= C-Stoff =

German rocket fuel

C-Stoff (/de/; "substance C") was a reductant used in bipropellant rocket fuels (as a fuel itself) developed by Hellmuth Walter Kommanditgesellschaft in Germany during World War II. It was developed for use with T-Stoff (a high-test peroxide) as an oxidizer, which together with C-Stoff as the fuel, forms a hypergolic mixture.

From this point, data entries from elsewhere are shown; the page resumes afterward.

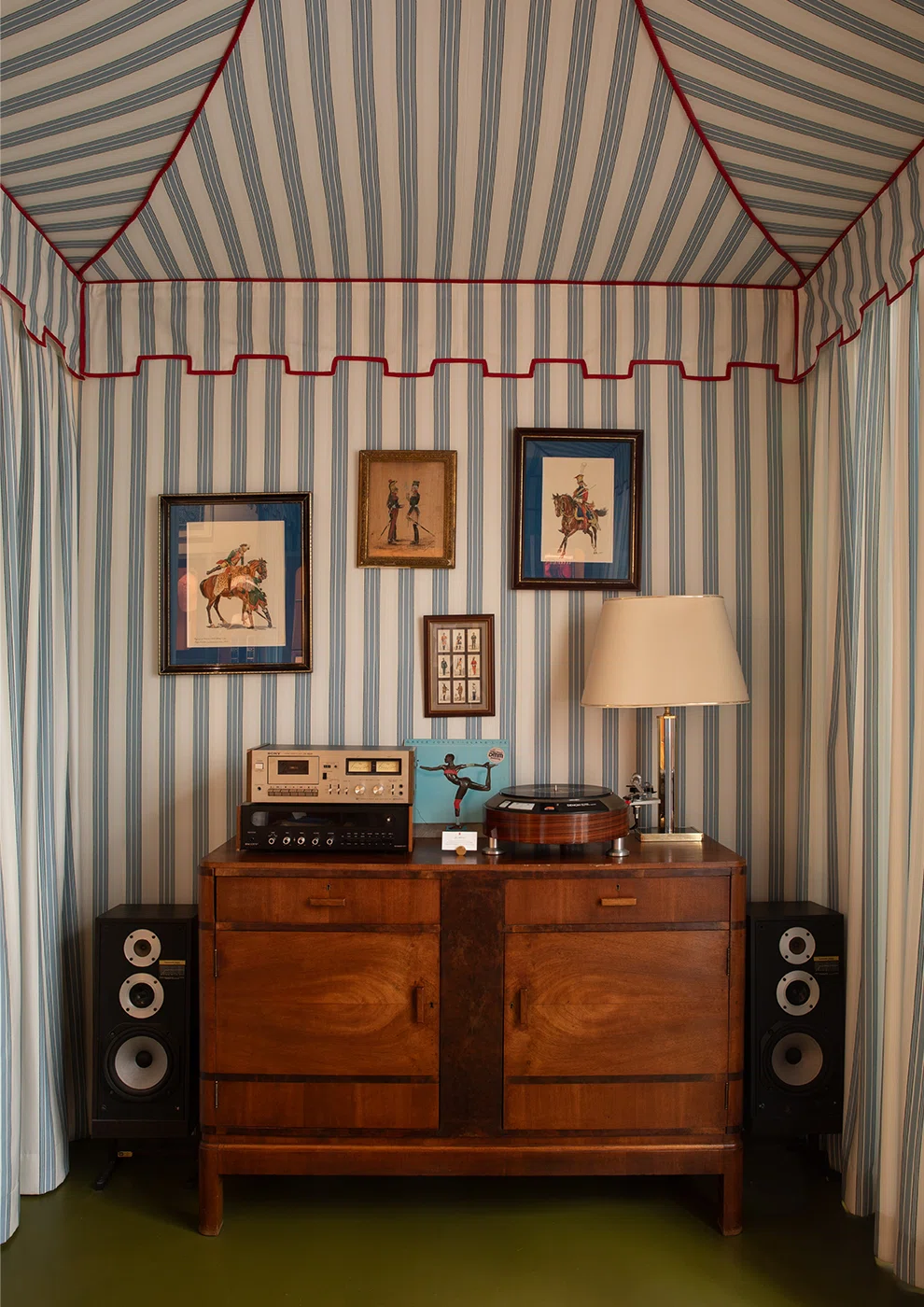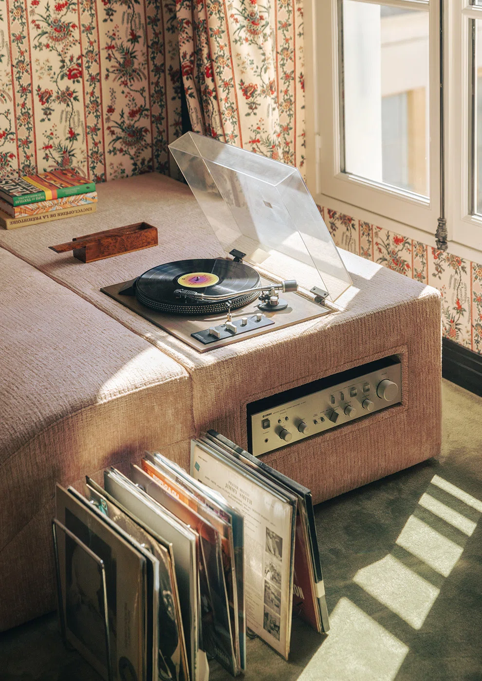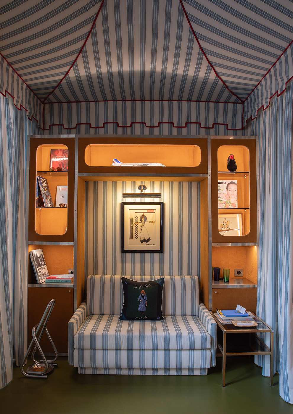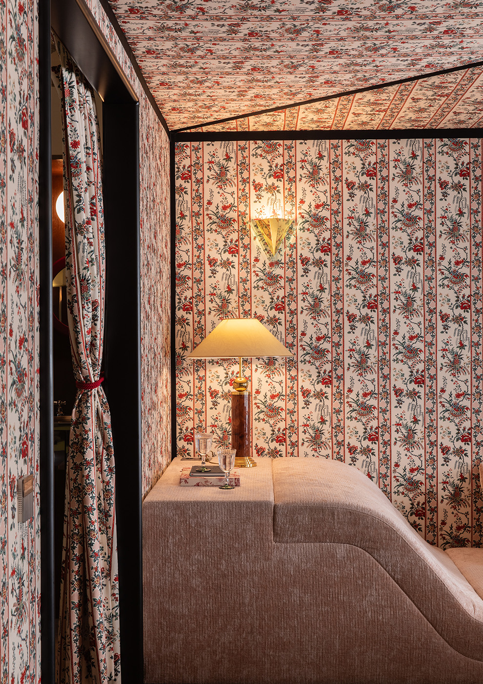 This hybrid space, which celebrates the Parisian art of living, is spread over four floors comprising a boutique, a design studio and two private suites. The interior design by Necchi Architecture focuses on a sophisticated and refined vintage style.
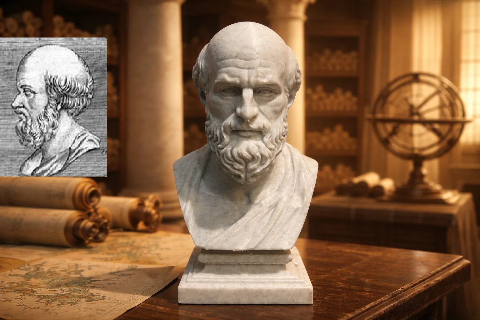 Bức tượng bán thân này khắc họa Eratosthenes xứ Cyrene, một học giả Hy Lạp cổ đại và là một trong những trí thức có ảnh hưởng nhất của thế giới Hy Lạp hóa. Đây là một diễn giải điêu khắc trung thành, lấy cảm hứng từ chân dung được biết đến rộng rãi và được tái bản phổ biến nhất của nhân vật lịch sử, như được truyền lại qua các bản khắc cổ điển và những cách thể hiện truyền thống.
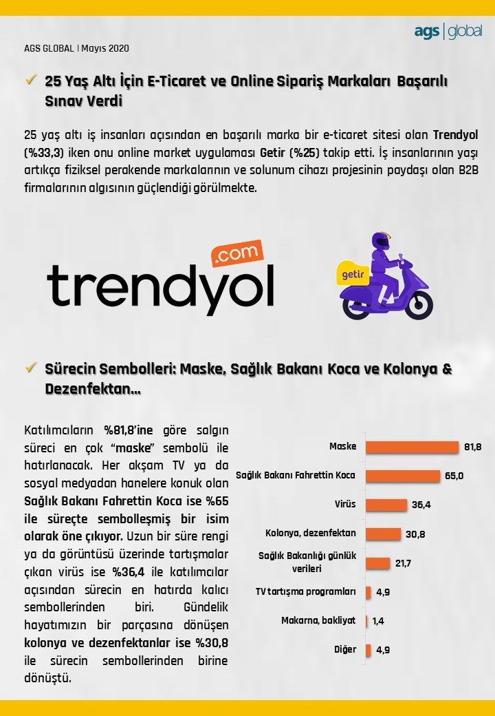 AGS Global Kurucu Ortağı Ahmet GÜLER, araştırmaya ilişkin yaptığı değerlendirmede; ‘İkinci faza geçtiğimiz şu günlerde firma sahipleri ve yöneticilerinin sadece güncel ekonomiye yönelik değil, aynı zamanda gündelik hayata dair tutum ve davranışları oldukça ilginç veriler sağlamış gözüküyor. Zamanın ruhunu çağıran araştırmamızla dijital hayatın ve çevrimiçi alışverişin bundan sonraki hayatımızda seyri, yerli ve milli ürün temayülü, endişeler, özlemler, korkular ve umutlar gibi insanımıza dair rasyonel ve irrasyonel gerçekliği harmanladık ve gelecekte bizi neyin beklediği içgörüsünü anlamlandırmaya çalıştık” derken, araştırma ile aynı zamanda süreç boyunca kolektif hafızada yer edinen sembolleri, yardım kampanyalarının etkinliğini, hükümetin, başkanlık sisteminin ve bilim kurulunun performanslarını ölçtüklerini ifade etti.
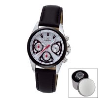 Artikel-Nr: 57321675CH-SWChronograph mit Metallgehäuse glänzend mit hochwertiger IP-Beschichtung, Kronenschutz, wasserdicht 3 bar, hochwertiges Silikon-Sportarmband mit Edelstahl-Dornschließe, gehärtetes Mineralglas, aufwändig verarbeitetes Zifferblatt, Zeiger und Stundenindex fluoreszierend, Markenuhrwerk JS20 von Miyota (by CITIZEN) mit 24-Stunden-Anzeige, 5 Jahre Garantie, Metalldose inkl.

| Methanol | CH_{3}OH | ~57% by weight |
| Hydrazine hydrate | N_{2}H_{4} · H_{2}O | ~30% by weight |
| Water | H_{2}O | ~13% by weight |
| Catalyst 431 | K_{3}[Cu(CN)_{4}] | potassium tetracyanocuprate(I) |

The proportions of the components in C-Stoff were developed to catalyse the decomposition of T-Stoff, promote combustion with the oxygen released by the decomposition, and sustain uniform combustion through sufficient quantity of the highly reactive hydrazine. The combination of the C-Stoff, used as a rocket fuel, with the T-Stoff used as the oxidizer, often resulted in spontaneous explosion from their combined nature as a hypergolic fuel combination, necessitating strict hygiene in fueling operations; there were numerous catastrophic explosions of the Messerschmitt Me 163 aircraft that employed this fuel system. Another hazard was toxicity to humans of each of the propellants.

== C-fuel ==
After the war, Allied studies into rocket propellants continued with engines such as the Armstrong Siddeley Beta, under the name "C-fuel".